At night, the factories lining the highways are lit. Look closely and you can sometimes see shadows moving against a window, erratic as fireflies—as long as there is light, people are still working. Each strip of blue-lighted windows against the dark signals a single factory; one strip is set apart from the next, like stately ocean liners on the sea. From a distance, they are beautiful.
* * *
The girls were twenty days out from home, so new to the city they didn’t know who owned the factory where they worked. They carried nothing with them: no drinks, no plastic bags of fruit or snacks. They just sat, under the blazing sun, in the public square of a district of Dongguan known for its small shoe factories.

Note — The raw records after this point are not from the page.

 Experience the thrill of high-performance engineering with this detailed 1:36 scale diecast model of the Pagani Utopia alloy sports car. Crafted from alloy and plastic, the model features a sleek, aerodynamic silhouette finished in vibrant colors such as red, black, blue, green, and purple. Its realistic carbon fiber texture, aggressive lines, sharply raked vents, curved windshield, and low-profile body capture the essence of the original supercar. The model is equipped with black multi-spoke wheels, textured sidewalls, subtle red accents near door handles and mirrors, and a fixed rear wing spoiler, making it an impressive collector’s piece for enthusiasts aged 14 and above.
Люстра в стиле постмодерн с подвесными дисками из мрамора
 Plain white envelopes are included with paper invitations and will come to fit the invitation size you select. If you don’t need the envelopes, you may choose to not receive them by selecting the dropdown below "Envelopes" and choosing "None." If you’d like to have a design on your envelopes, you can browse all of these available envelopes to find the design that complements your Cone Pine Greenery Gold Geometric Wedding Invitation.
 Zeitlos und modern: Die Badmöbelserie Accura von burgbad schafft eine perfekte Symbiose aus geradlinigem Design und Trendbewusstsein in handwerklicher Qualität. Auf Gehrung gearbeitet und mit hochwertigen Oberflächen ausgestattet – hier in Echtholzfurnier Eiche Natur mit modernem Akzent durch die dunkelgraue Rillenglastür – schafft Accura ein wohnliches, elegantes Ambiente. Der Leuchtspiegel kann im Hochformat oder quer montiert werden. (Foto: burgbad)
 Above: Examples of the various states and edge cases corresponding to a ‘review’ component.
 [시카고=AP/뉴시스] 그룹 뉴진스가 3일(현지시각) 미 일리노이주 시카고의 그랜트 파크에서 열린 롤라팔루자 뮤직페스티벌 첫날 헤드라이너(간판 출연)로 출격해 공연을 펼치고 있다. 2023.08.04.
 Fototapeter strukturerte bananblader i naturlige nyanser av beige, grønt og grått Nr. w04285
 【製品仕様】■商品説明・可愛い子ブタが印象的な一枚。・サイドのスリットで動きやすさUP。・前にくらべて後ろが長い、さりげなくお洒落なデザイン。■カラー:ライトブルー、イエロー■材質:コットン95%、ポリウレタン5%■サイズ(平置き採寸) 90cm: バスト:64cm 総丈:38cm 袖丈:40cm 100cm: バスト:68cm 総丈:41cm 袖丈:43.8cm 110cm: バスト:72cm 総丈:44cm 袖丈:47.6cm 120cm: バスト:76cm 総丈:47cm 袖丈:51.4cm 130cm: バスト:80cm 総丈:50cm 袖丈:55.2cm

Their names were Tian Yongxia and Zhang Dali. They were sixteen years old and this was their first time away from home. They had left their farming village in Henan Province on the ninth day of the lunar new year, which was regarded as an auspicious moment to depart. A girl from their village worked in a factory here for eight hundred yuan a month, and they wanted that too. They each paid four hundred yuan, about fifty dollars, to a husband and wife who promised them factory jobs and brought them out on a three-day bus journey. But when they got to the city there were no jobs, and the couple disappeared.
The girls spent four nights in the bus station and finally got in touch with someone from home, who found them work in an electronics factory for three hundred yuan a month. It was a poor salary, but they were in no position to negotiate. “By that time I wanted to join a factory just so I could get a good night’s sleep,” said Yongxia, who had a broad face and small eyes and smiled a lot. She did most of the talking. Dali was slimmer and prettier, with delicate features and uneven teeth.
The girls quickly learned the hierarchy of factory life, and that they were at the bottom. Workers who had joined the previous year looked down on newcomers and did not talk to them. Theirs was a smaller subsidiary factory, which paid less, but to work at a company’s main facility you needed skills and a proper identity card; both girls had joined the factory with borrowed IDs because they had not applied for their own cards yet. The assembly line ran eight hours a day with weekends off, and that was bad too, because overtime would have meant more money. Shoe factories paid more, but they were known to work extremely long days, and the girls constantly debated whether the extra money would be worth the exhaustion. Soon after Yongxia and Dali arrived in the factory, they started talking about how to leave.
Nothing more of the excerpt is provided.